In general, the order of influence of mixed materials on soil maturation was SAP > HA >B (Table 4). The optimal combination was SAP₃HA₃B₁₀, which is consistent with the test results (E7, a mixture of 3 g·kg^-1 SAP, 3 g·kg^-1 HA and 10 g·kg^-1 provides the best improvement in all treatments).

Soil Bacterial Community Richness and Diversity Analysis

After high-quality trimming and removal of chimeras, 446,425 bacterial sequences were obtained from the mixed materials, and the sequences were clustered into 3,639 bacterial operational taxonomic units (OTUs) with 97% identity as a cutoff (Table S1). All the rarefaction curves began to level off, suggesting that the microbial communities were reasonably characterized by the sampling effort (Fig. S3). The coverage of bacterial communities was higher than 97% for all samples (Table 6). The ACE and Chao 1 results (Table 6) showed that the richness of bacterial communities was higher in E1 than other samples and E9 was lower than other treatments. The results of Shannon and Simpson showed that the highest and lowest bacterial diversity were obtained by E9 and E4, respectively.

Table 6.

Different indexes of microbial communities’ richness and diversity in different samples.

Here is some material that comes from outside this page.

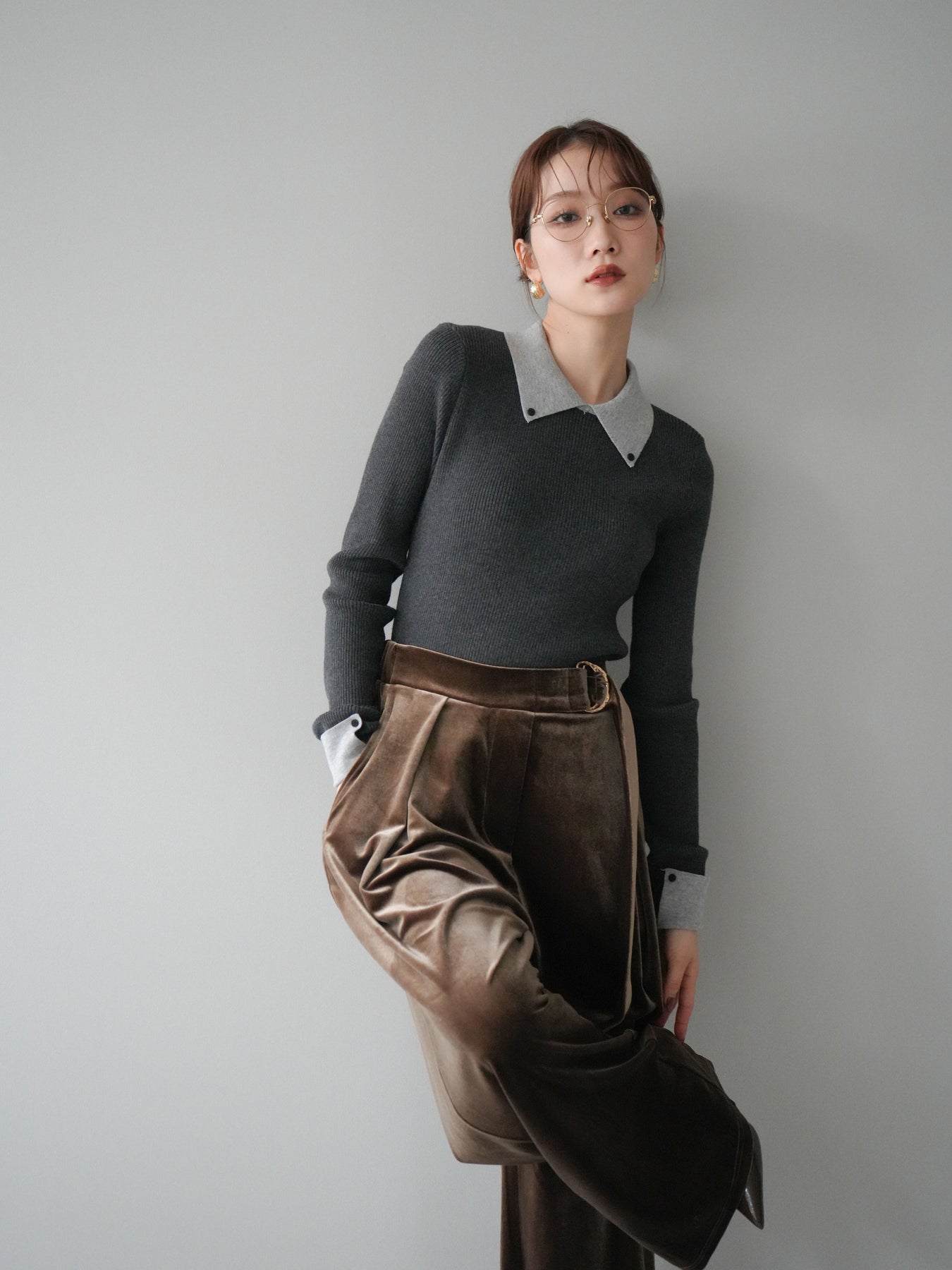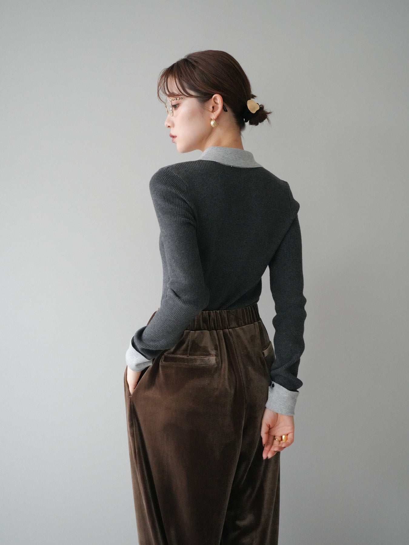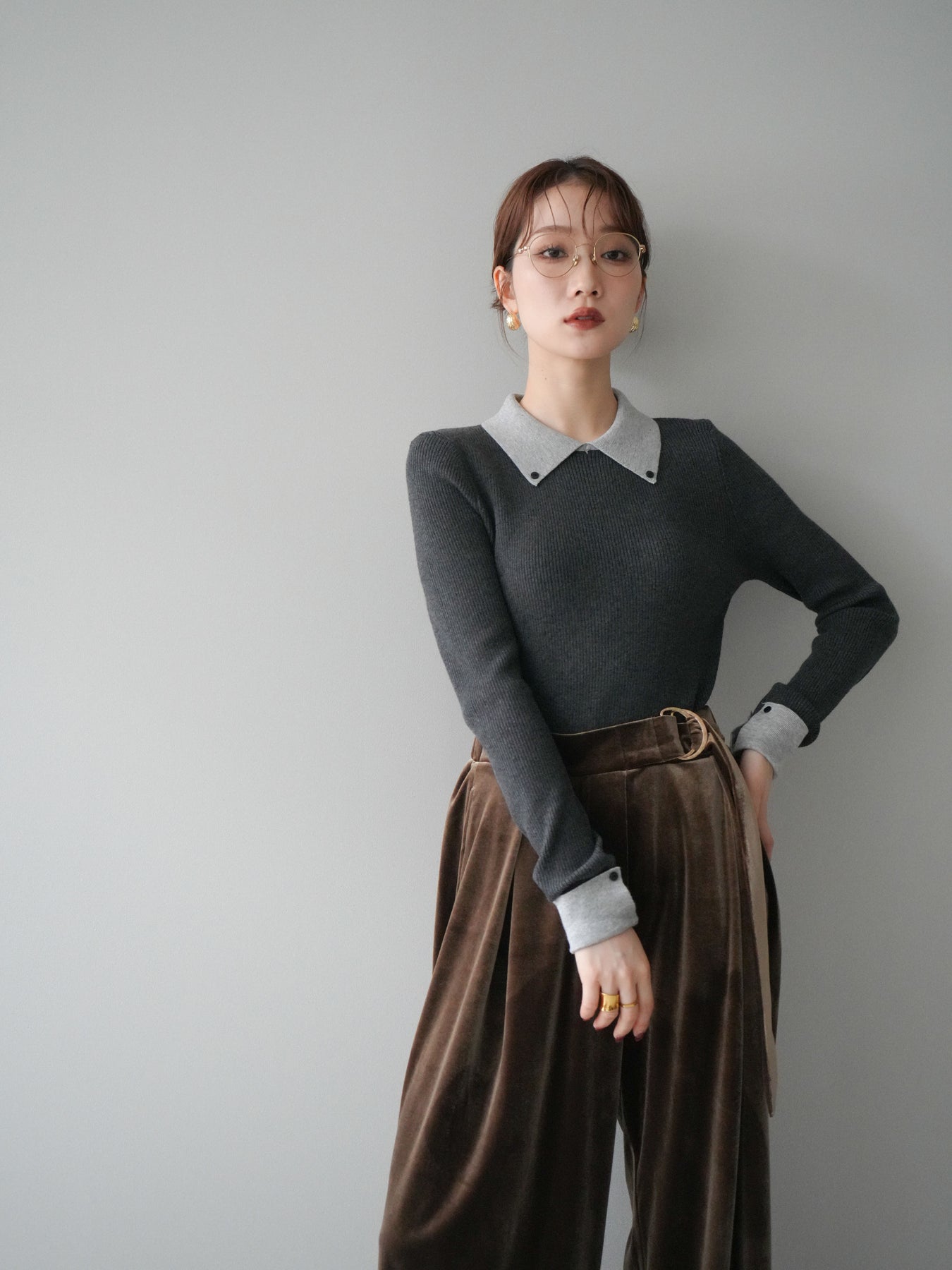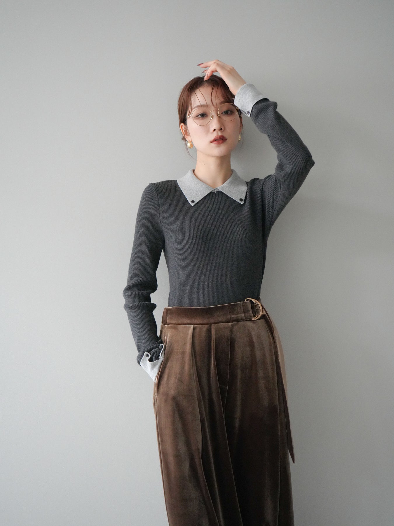 [予約]ニットカフス襟付き配色リブニットトップス/charcoal

Sample	Coverage	ACE	Chao 1	Shannon	Simpson
CK	0.97	2969.87	3031.12	6.78	0.0027
E1	0.98	3232.12	3256.57	6.88	0.0023
E2	0.98	3119.50	3131.36	6.82	0.0026
E3	0.98	3180.68	3152.67	6.84	0.0026
E4	0.98	3176.10	3206.63	6.92	0.0023
E5	0.98	3126.04	3170.21	6.82	0.0025
E6	0.98	3043.62	3069.09	6.65	0.0032
E7	0.98	3143.05	3099.03	6.85	0.0025
E8	0.98	3097.63	3115.19	6.81	0.0029
E9	0.98	2878.43	2914.12	6.51	0.0034

Effects of the Mixed Materials on the Composition of Soil Bacterial Community

In this study, bacterial phylum and class with relative abundances above 0.1% of the total community were defined as dominant. The main phyla and classes were found in all samples with different amounts (Figs. 2A and 2B). The dominant 17 bacterial phyla in ten different treatments were Acidobacteria, Actinobacteria, Armatimonadetes, Bacteroidetes, Chlorobi, Chloroflexi, Cyanobacteria, Firmicutes, GAL15, Gemmatimonadetes, Latescibacteria, Nitrospirae, Planctomycetes, Proteobacteria, Saccharibacteria, Tectomicrobia, and Verrucomicrobia. Among them, the most abundance bacterial phyla were Acidobacteria (E8, 20.18%), Actinobacteria (E6, 29.87%), Chloroflexi (E4, 20.23%), and Proteobacteria (E9, 31.40%). The dominant 18 bacterial classes in ten treatments were Actinobacteria, Acidobacteria, Alphaprotebacteria, Betaproteobacteria, Deltaprobacteria, Gammaproteobacteria, Gemmatimonadetes, Thermomicrobia, Bacilli, Cyanobacteria, Nitrospira, Anaerolineae, KD4-96, Sphingobacteriia, Chloroflexia, Cytophagia, and Gitt-GS-136. Among them, the most abundant bacterial classes were Actinobacteria (E6, 29.87%), Acidobacteria (E8, 20.18%), and Alphaprotebacteria (E4, 11.72%).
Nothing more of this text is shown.